The use of digital twins in operational flood management has garnered attention for its potential to enhance real-time flood risk monitoring and the deployment of timely interventions. With increasing access to real-time rainfall data from national meteorological services, low-cost sensors networks, citizen science data and dense observation networks in ‘urban observatories’, there is immense potential for developing detailed digital twins for flooding. However, the useability of these real-time rainfall data sources, including the reliability and quality of rainfall data for real-time digital twin applications has not yet been analysed. This study investigates the suitability of current real-time rainfall data sources for digital twin applications and identifies barriers to operationalising a flooding digital twin.
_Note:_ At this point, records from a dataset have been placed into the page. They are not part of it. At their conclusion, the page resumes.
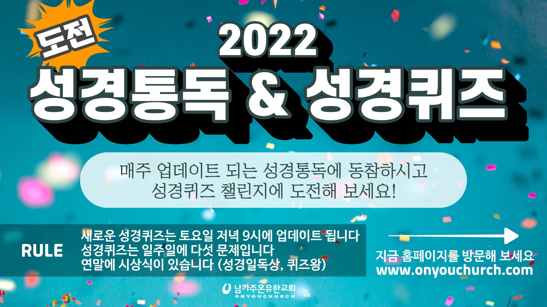 "매주 업데이트 되는 성경통독에 동참하시고 성경퀴즈 챌린지에 도전해 보세요!"
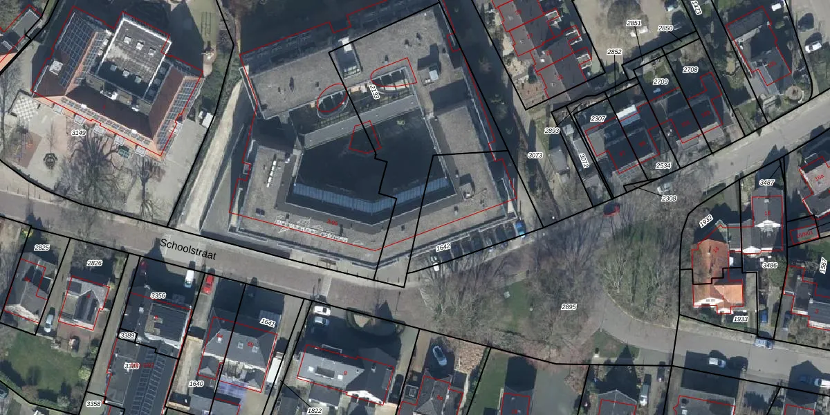 Het perceel waarop Schoolstraat 55 staat heeft een oppervlakte van 1265 m². Dit is een zeer groot perceel. De perceeloppervlakte wordt geregistreerd door het Kadaster. Gedetailleerde informatie over de maten van dit perceel kunt u vinden in het rapport Kadastrale kaart met maatvoering van Schoolstraat 55.
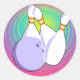 Três saias de boliche sendo derrubadas por uma bola de boliche.
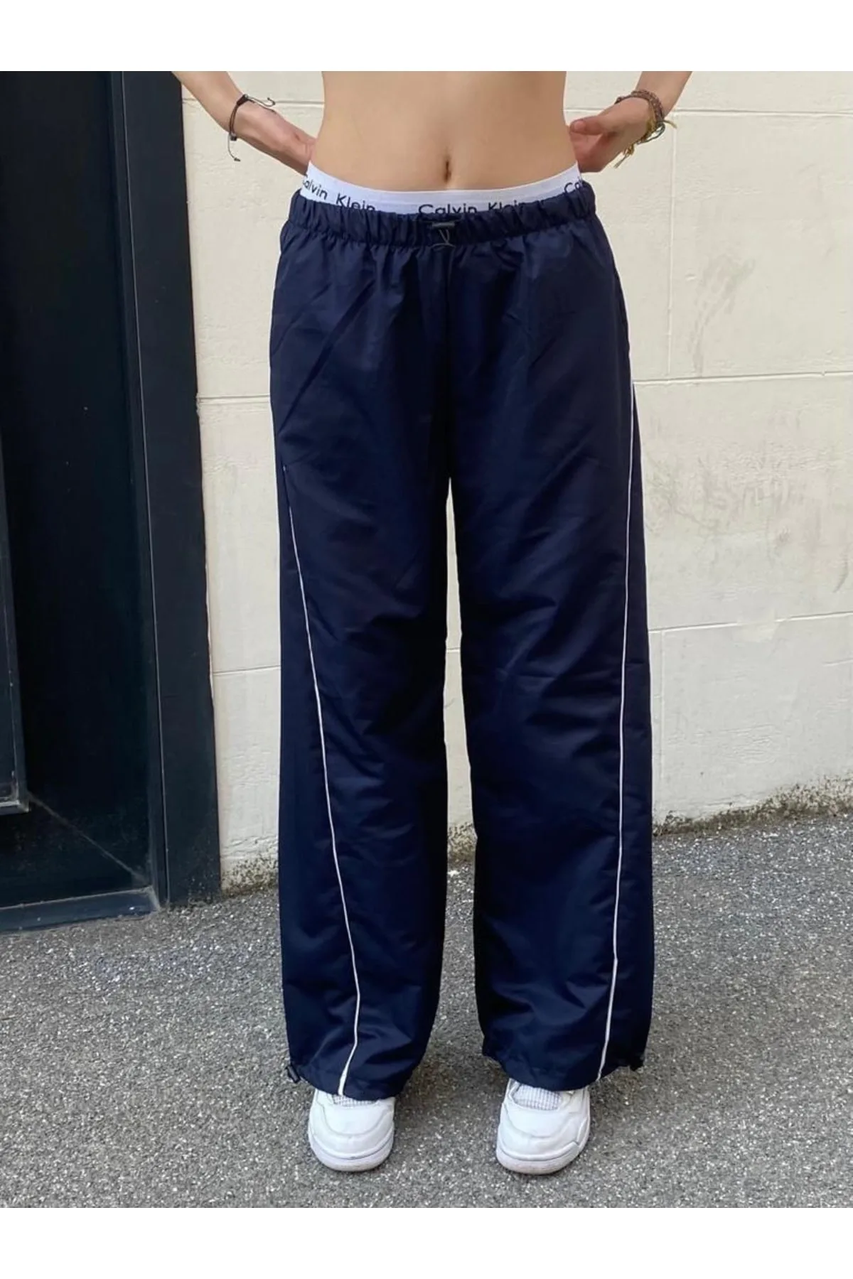 Lacivert Paraşüt Kumaş Çizgi Detay Eşofman
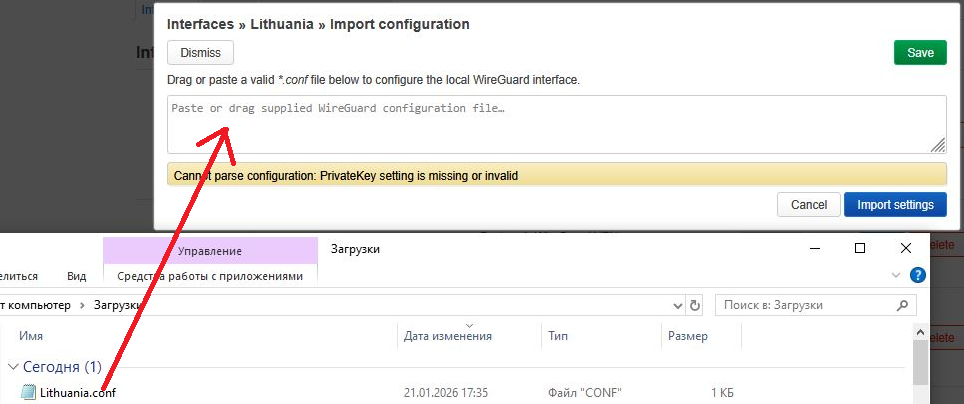 • you have a WireGuard configuration file in .conf format from your Personal Area (in our example, the configuration file Lithuania.conf will be used)
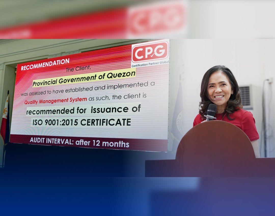 Matatandaan na nitong nakaraang Enero 16, taong kasalukuyan ay nakapasa ang Provincial Government of Quezon sa Stage 1 Initial Audit ng naturang certification company at ito ang naging daan upang makapagpatuloy sa ikalawa at huling yugto ng proseso bago makamtan ang sertipikasyon.
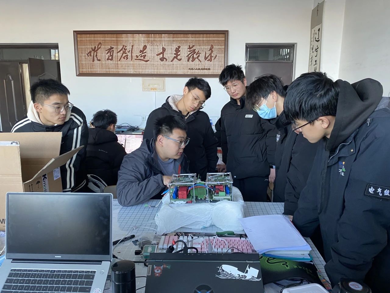 随后电子科技大学Fury车队队员跟随我们的队员分别来到电车、无人车的工作室,感受我们的工作氛围。两队队员在电车工作室共同探讨AMK电机控制器相关问题。
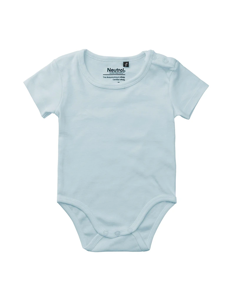 Materiál: 100% bio bavlna "Fairtrade Cotton", 1x1 žebrovaný úplet; Gramáž: 220 g/m²; Pružný úplet, krátké vsazené rukávy. Zapínání na patentky na rameni a v rozkroku. Žebrované lemování kolem krku a otvoru pro nohy; Certifikáty: OEKO-TEX® STANDARD 100, 100% CERTIFIED ORGANIC COTTON, FAIR WEAR, EU ECOLABEL, SA8000, NEUTRAL® RESPONSIBILITY
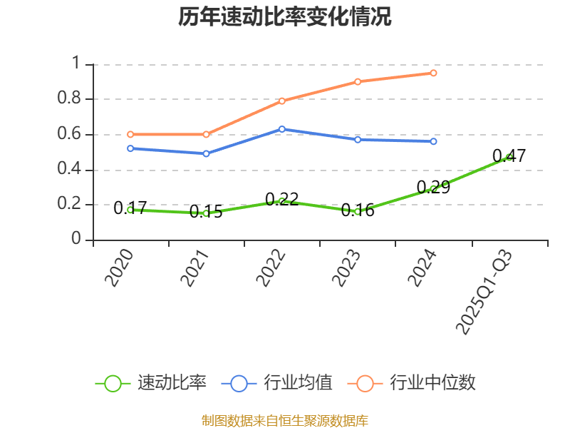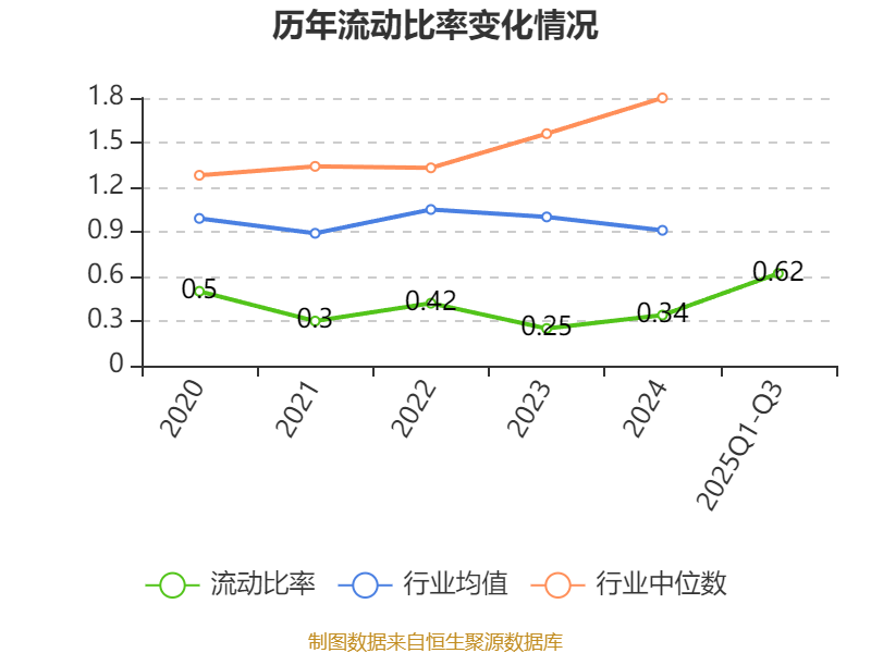 2025年前三季度,公司流动比率为0.62,速动比率为0.47。
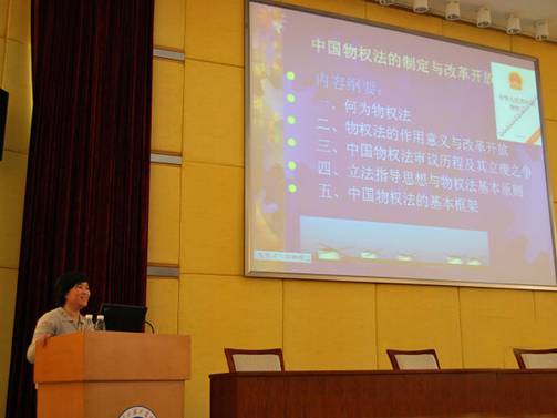 在听众热烈的掌声中,讲座拉开了帷幕。陈小君首先对物权的概念进行了阐释,她说,物指的一定是有形财产,物权的含义是有形财产的归属和支配的权利。接下来,陈小君用精彩生动的语言、深入浅出的讲解讲述了物权法的作用与意义。在阐述《物权法》的作用时,她引用大量的古谚今语并借用了时下的生活例子,通俗而精辟地归纳了物权法的两大作用:定分止争和物尽其用,并指出不动产是登记占有,而动产则是交付占有。
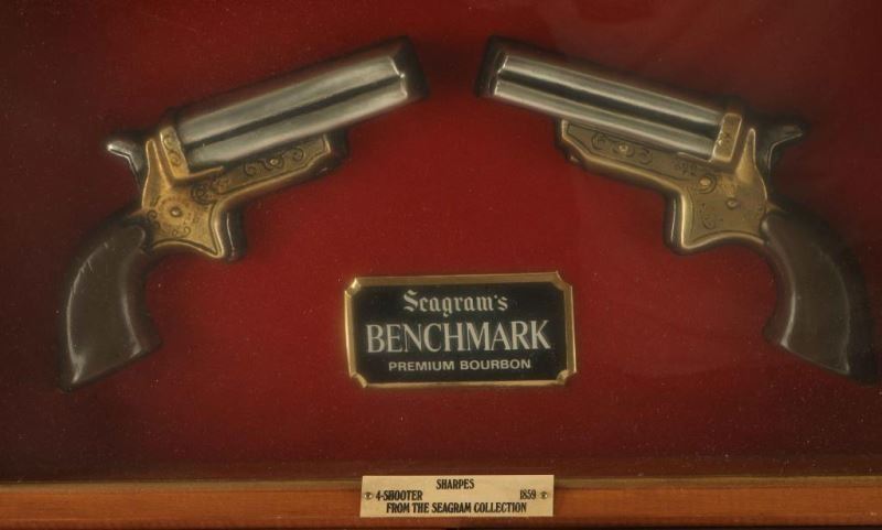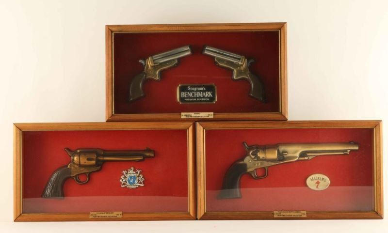 All three are from the Seagram's Collection in wooden shadowboxes with red fabric background, Seagram's advertiser and brass title plate. Including; U.S. Cavalry Revolver, Peacemaker Frontier, a pair of 1859 Sharpes 4-Shooters. All boxes measure 17"w x 9"h.

Using the PYRAMID (near) real-time dynamic flood modelling platform and Newcastle upon Tyne (U.K.) as a demonstrator – due to its high data availability and diversity of rainfall data sources – we evaluate the reliability of rain gauge and radar rainfall data from the Environment Agency, U.K. Meteorological Office and additional sources, including citizen science and urban observatory data. The reliability of real-time data is shown to be a major barrier to digital twin deployment due to variability in data quality and intermittent data streams, even with national rainfall data provided by government organisations. To address these challenges, we propose a blending algorithm that adapts to changing data availability in real-time, implemented within the PYRAMID workflow. Flood depths are shown to be sensitive to data blends, with peak rainfall rates varying by a factor of 10, leading to flood depths differing by up to 15%. This paper highlights the critical need for improved rainfall data reliability to enable the operational use of digital twins for flood management.